In a moment captured on video, the clergy and volunteers who sang — a group that included famed academic and activist Cornel West — are shown standing in a line, their voices rising over the chants of ‘You will not replace us’ from the rally crowd. ‘The tensions went down … and it shook the Nazis,’ Sekou says. ‘They didn’t know what to do with all that joy. We weren’t going to let the darkness have the last word.'”[5]
“Let no evil talk come out of your mouths, but only what is useful for building up… so that your words may give grace to those who hear.” The courage and vitality of that particular communion of saints was not happenstance. They drew their strength from time together in prayer and preparation, leaning on the one who had claimed them and called them to the life of discipleship in the first place. He was their bread, their spiritual food, and the source of their moral fortitude.

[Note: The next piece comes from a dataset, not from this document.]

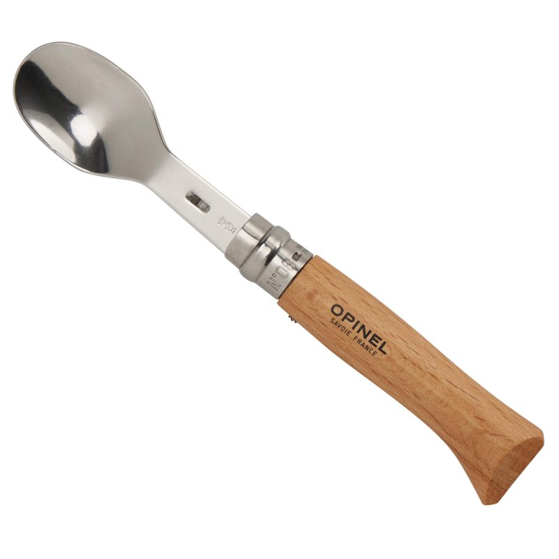 Mit dieser Erweiterung für ein Opinel-Messer der Größe 08 (separat erhältlich) wird der Anwendungsbereich des Messers grundlegend erweitert. In Zusammenarbeit mit dem Designer Franck Fontana wurden ein Löffel und eine Gabel entwickelt, die sich im Griff des Messers befestigen lassen. Hierzu wird die Messerklinge eingeklappt und das Besteckteil in den Spalt am Ende des Griffs gesteckt. Durch den Lockring wird der Einsatz anschließend fixiert und in Position gehalten.

Dear church, the bread of life not only feeds our hunger, but also fills us with purpose. Being fed with Christ strengthens us for a life of faith and love – for truth-telling, for speech that gives grace, for kindness and forgiveness. It’s spiritual food for an abundant life. So come, taste and see that the Lord is good, and let his goodness fill you to overflowing.
[1] 4:23.
[2] 4:15.
[3] 2:8-9.
[4] See Ralph P. Martin, Interpretation: Ephesians, Colossians, and Philemon, 61.